| INPUT DATA |
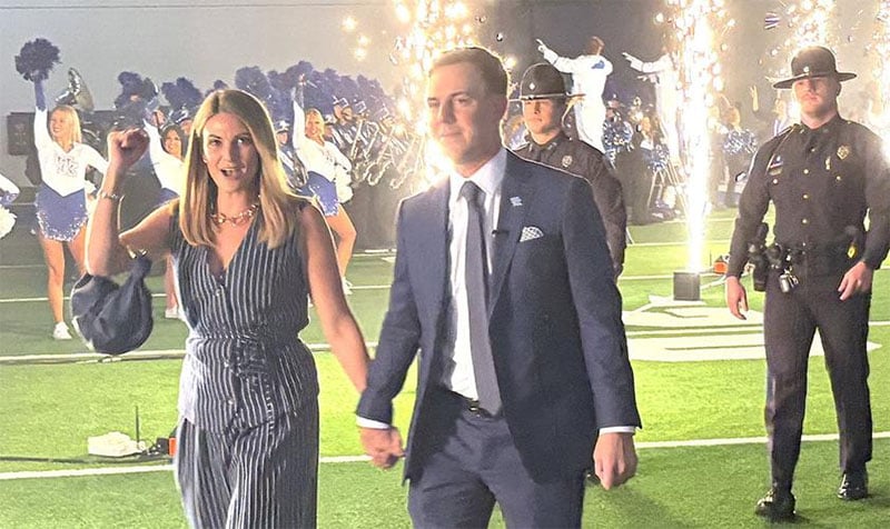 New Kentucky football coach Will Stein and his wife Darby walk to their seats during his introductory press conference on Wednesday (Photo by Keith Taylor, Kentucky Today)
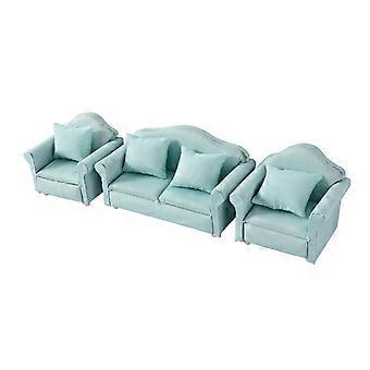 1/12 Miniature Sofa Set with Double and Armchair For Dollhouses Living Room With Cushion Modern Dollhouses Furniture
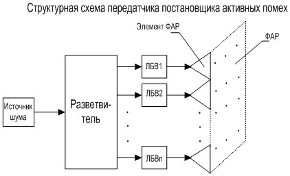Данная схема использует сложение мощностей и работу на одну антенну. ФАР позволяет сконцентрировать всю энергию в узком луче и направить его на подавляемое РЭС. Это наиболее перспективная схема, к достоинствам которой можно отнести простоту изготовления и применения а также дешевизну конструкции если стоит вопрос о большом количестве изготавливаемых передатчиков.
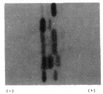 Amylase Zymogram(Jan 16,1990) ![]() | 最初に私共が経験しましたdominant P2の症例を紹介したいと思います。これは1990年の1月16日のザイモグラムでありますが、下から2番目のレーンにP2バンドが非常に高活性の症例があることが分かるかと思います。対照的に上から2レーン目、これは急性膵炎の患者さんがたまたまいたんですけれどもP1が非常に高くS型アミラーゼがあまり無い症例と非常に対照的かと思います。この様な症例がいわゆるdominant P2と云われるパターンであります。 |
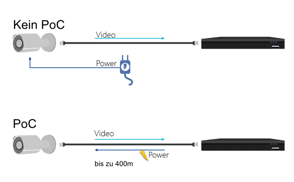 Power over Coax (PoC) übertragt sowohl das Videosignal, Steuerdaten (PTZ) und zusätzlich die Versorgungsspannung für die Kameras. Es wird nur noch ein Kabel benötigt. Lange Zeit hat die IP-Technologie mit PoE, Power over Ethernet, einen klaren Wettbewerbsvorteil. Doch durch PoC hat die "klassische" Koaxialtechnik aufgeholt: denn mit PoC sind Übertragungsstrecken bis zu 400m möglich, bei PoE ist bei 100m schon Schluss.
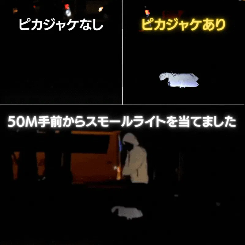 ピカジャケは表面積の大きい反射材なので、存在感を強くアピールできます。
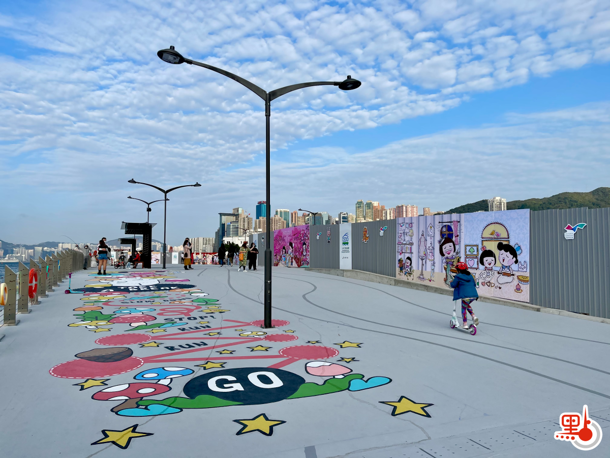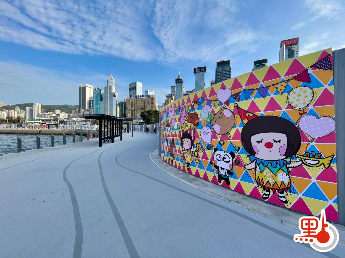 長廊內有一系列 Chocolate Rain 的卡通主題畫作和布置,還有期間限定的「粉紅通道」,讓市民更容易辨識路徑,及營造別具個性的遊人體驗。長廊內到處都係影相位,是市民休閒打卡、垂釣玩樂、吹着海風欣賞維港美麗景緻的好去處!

| REQUIRED ACTION |
Write out, exactly and only, the lines from the one containing "ピカジャケは表面積の大きい反射材なので、存在感を強くアピールできます。" through the last line of the material above. Pictures do not go in the copy.

| TASK OUTPUT |
 ピカジャケは表面積の大きい反射材なので、存在感を強くアピールできます。
 長廊內有一系列 Chocolate Rain 的卡通主題畫作和布置,還有期間限定的「粉紅通道」,讓市民更容易辨識路徑,及營造別具個性的遊人體驗。長廊內到處都係影相位,是市民休閒打卡、垂釣玩樂、吹着海風欣賞維港美麗景緻的好去處!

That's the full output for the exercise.